A few days ago, M woke up and cried to his daddy about a sad dream. I had already gone to work by the time he woke for the day, so I only heard about it after I got home. As I helped him get ready for bed, he told me he had had a sad dream, but he didn’t want to tell me. I soon learned why.

One of the reasons he didn’t want to say anything, I think, was because he knew that thinking and talking about it again would make him cry. Another reason he may not have wanted to tell me was perhaps due to the part I played in the sad dream.

He got worked up to the point of sobbing three times before finally falling asleep that night. And the dream? He dreamed he’d been flushed down the toilet. He ended up nowhere. And me? I’d done the flushing.

Yeah, that kind of made me sad about his sad dream, too.

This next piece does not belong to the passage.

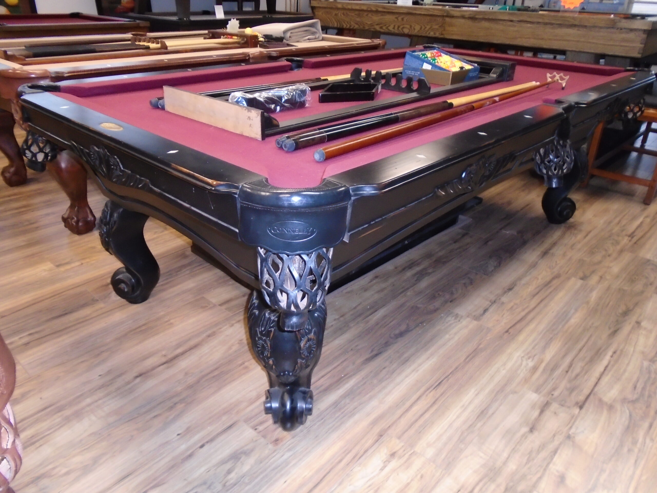 8′ Connelly Madera pool table made in the USA. Part of Connelly’s Pinnacle series it comes with the following features. Three piece 1.25 ” wood backed slate. Icon 100% gum rubber cushions guaranteed to never need replacing. Two inch thick Solid Maple rails cabinet and legs in a Antique Black finish. Designer carved legs. Wide rails for hand comfort and cue stability. Mother of Pearl diamond sights. Leather shield pockets with the Connelly logo stamped into the shield. Accessories included are over 1K in added value, 4 original Connelly cues, one piece matching wall rack, Aramith Super Pro Belgium made balls.

The next day, he was still very upset about the dream. It was still vivid enough that it got him crying again several times. And the worst part is that there is nothing that his mommy could do to make it better.

And over the past few days, he’s continued to talk about how he doesn’t like his sad dreams. Apparently he had another bad dream one night again, not quite so traumatizing, based on his description, but apparently the feel of it stuck enough. It’s gotten a little better for him in that he’s not bursting into tears every time he says the words. But he still talks so much about how the sad dreams are sticking to his head and he can’t get them off.

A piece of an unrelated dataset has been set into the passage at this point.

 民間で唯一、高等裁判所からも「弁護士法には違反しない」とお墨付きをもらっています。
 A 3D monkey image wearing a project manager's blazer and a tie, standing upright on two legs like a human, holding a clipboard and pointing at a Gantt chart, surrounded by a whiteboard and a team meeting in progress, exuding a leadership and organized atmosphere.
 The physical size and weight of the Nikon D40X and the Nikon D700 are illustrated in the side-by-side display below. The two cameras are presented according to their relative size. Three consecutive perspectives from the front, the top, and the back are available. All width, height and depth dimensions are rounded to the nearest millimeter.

I wish there was more that I could do. But I think he’s just going through some major brain development, perhaps his dreams are just getting more vivid in general. Perhaps he’s just trying to work something out that he hasn’t quite gotten the hang of yet. So in the meantime, I’ll hold him, give him cuddles when he needs them, and let him talk about it, or not, as he prefers. And hopefully the sad dreams will let go or be destroyed for good one of these days, too.

 

24 Weeks

Baby X has been wiggling all around. I even saw my stomach twitch the other morning. But still no one else seems to be able to feel it. I think that the men in my household just lack a certain amount of patience (really? Those guys? I never would’ve guessed). Anyway, I’m hoping that once James can feel and bond a little better with the squirmy little creature in there, he won’t be quite as freaked out about the whole having another baby thing.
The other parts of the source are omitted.